Brief — Leaving every image behind, reproduce the records word for word.

Provided data —
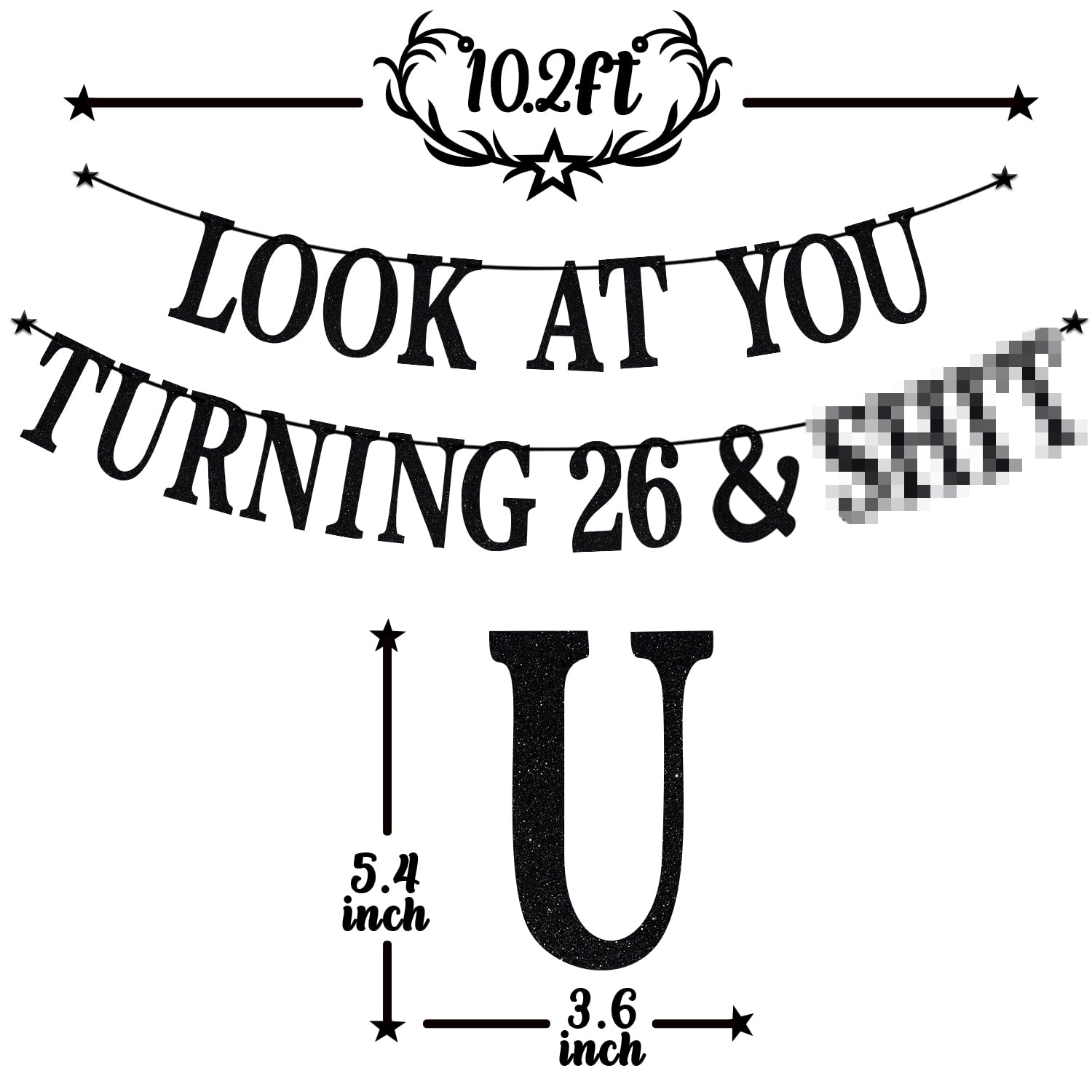 Received included: Letter cards spelling the phrase "Look at You Turning 26 & Sh*t". Awesome decorations: It is very suitable for the 26th Birthday party. Special party decorations can add an enjoyable and active atmosphere to these scenes, leaving a happy and unforgettable memory. High quality: Banners are made of glitter premium cardpaper. They are rigid and reusable. Easy to DIY: The card and the rope are separate, you only need to spend a little time to assemble. Choose us and believe us: We support the concept of customer first and product first. If the quality or damage occurs during transportation, we will solve it.
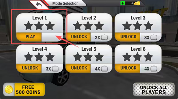 2、在模式选择页面,点击中央大型红色"PLAY"按钮启动游戏,左下角黄色按钮可领取500金币奖励,右下角设有订阅赚取金币选项。
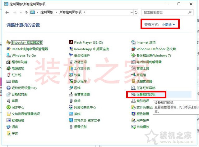 在控制面板中,我們將查看方式修改為“小圖標”,如下圖所示。
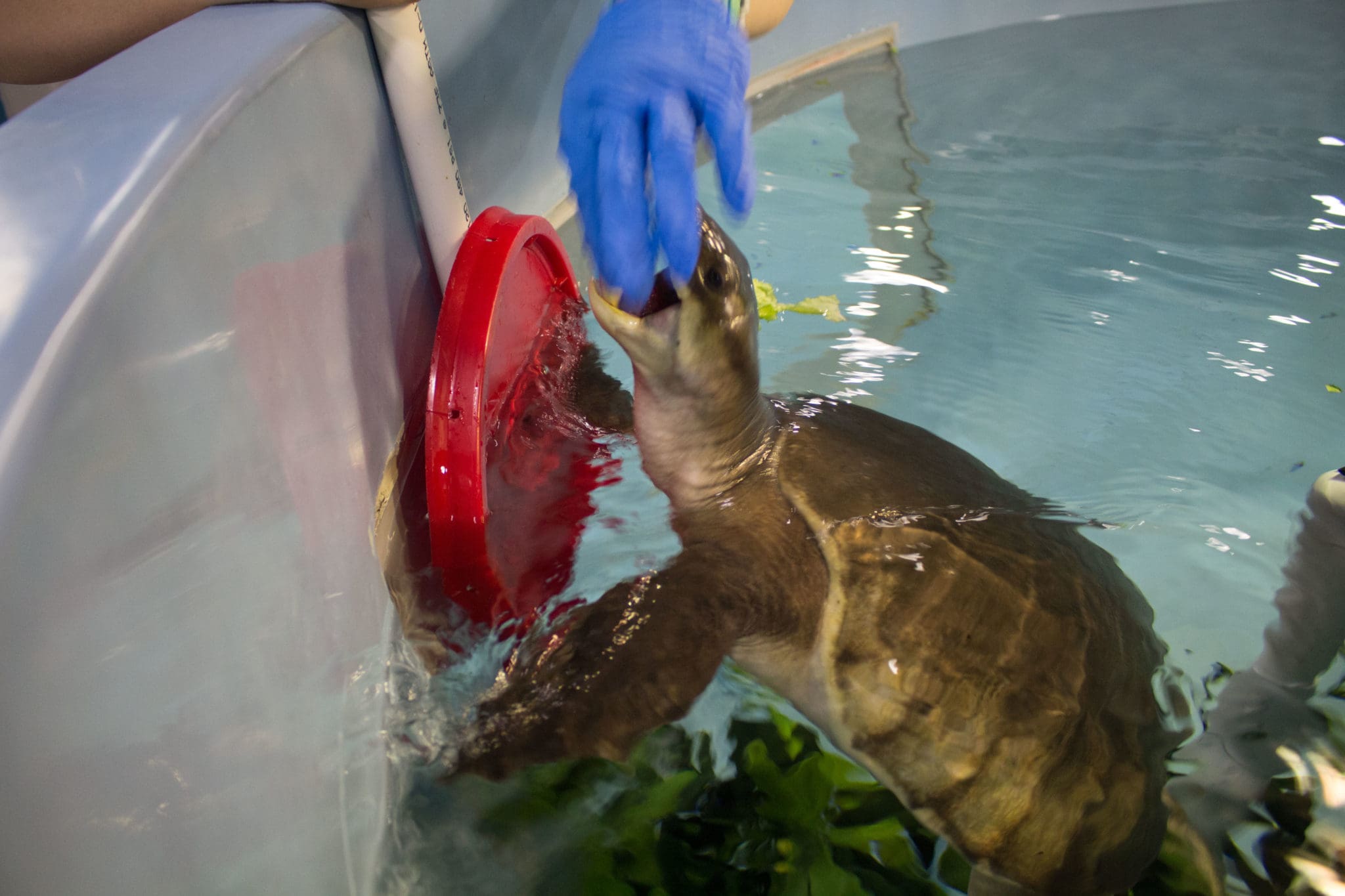 Once the training was done and best rescue procedures were thought of I went to work with some of the team with the ACRC, including Meredith Myers. She helped me prepare food for some of the animals housed on exhibit or in holding, these included lungfish, a cowfish, a map puffer named Duncan and many turtles. I went around to the tanks feeding some of the turtles throwing allotted amounts of lettuce into the tanks. One of my favorite turtles is a pig nosed turtle named Funzo, this species is the only freshwater turtle with fins.
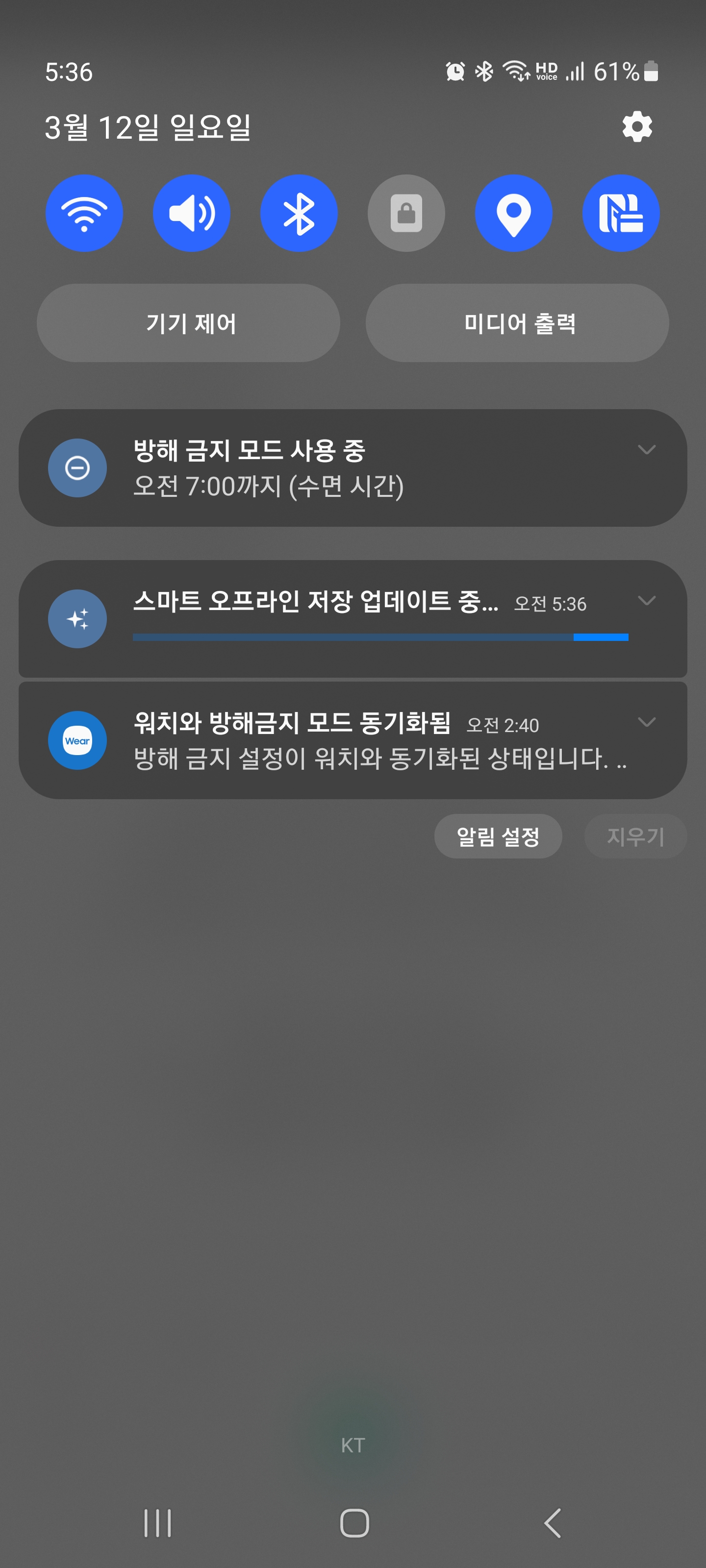 이전까지는 그런일이 없었는데 며칠전부터 갑자기 어느 순간에 '스마트 오프라인 저장 업데이트 중...' 이라고 뜨면서 유튜브 뮤직에서 계속해서 노래가 다운로드 되더라고요. 별도로 설정을 만진적도 없었는데 말이죠.
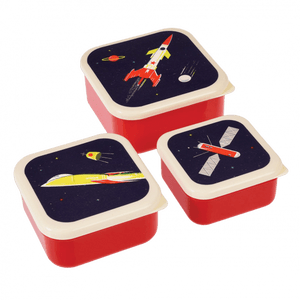 These nesting snack boxes are the stars of lunchtime, featuring colourful rockets and spaceships from our Space Age range.

Task solution —
 Received included: Letter cards spelling the phrase "Look at You Turning 26 & Sh*t". Awesome decorations: It is very suitable for the 26th Birthday party. Special party decorations can add an enjoyable and active atmosphere to these scenes, leaving a happy and unforgettable memory. High quality: Banners are made of glitter premium cardpaper. They are rigid and reusable. Easy to DIY: The card and the rope are separate, you only need to spend a little time to assemble. Choose us and believe us: We support the concept of customer first and product first. If the quality or damage occurs during transportation, we will solve it.
 2、在模式选择页面,点击中央大型红色"PLAY"按钮启动游戏,左下角黄色按钮可领取500金币奖励,右下角设有订阅赚取金币选项。
 在控制面板中,我們將查看方式修改為“小圖標”,如下圖所示。
 Once the training was done and best rescue procedures were thought of I went to work with some of the team with the ACRC, including Meredith Myers. She helped me prepare food for some of the animals housed on exhibit or in holding, these included lungfish, a cowfish, a map puffer named Duncan and many turtles. I went around to the tanks feeding some of the turtles throwing allotted amounts of lettuce into the tanks. One of my favorite turtles is a pig nosed turtle named Funzo, this species is the only freshwater turtle with fins.
 이전까지는 그런일이 없었는데 며칠전부터 갑자기 어느 순간에 '스마트 오프라인 저장 업데이트 중...' 이라고 뜨면서 유튜브 뮤직에서 계속해서 노래가 다운로드 되더라고요. 별도로 설정을 만진적도 없었는데 말이죠.
 These nesting snack boxes are the stars of lunchtime, featuring colourful rockets and spaceships from our Space Age range.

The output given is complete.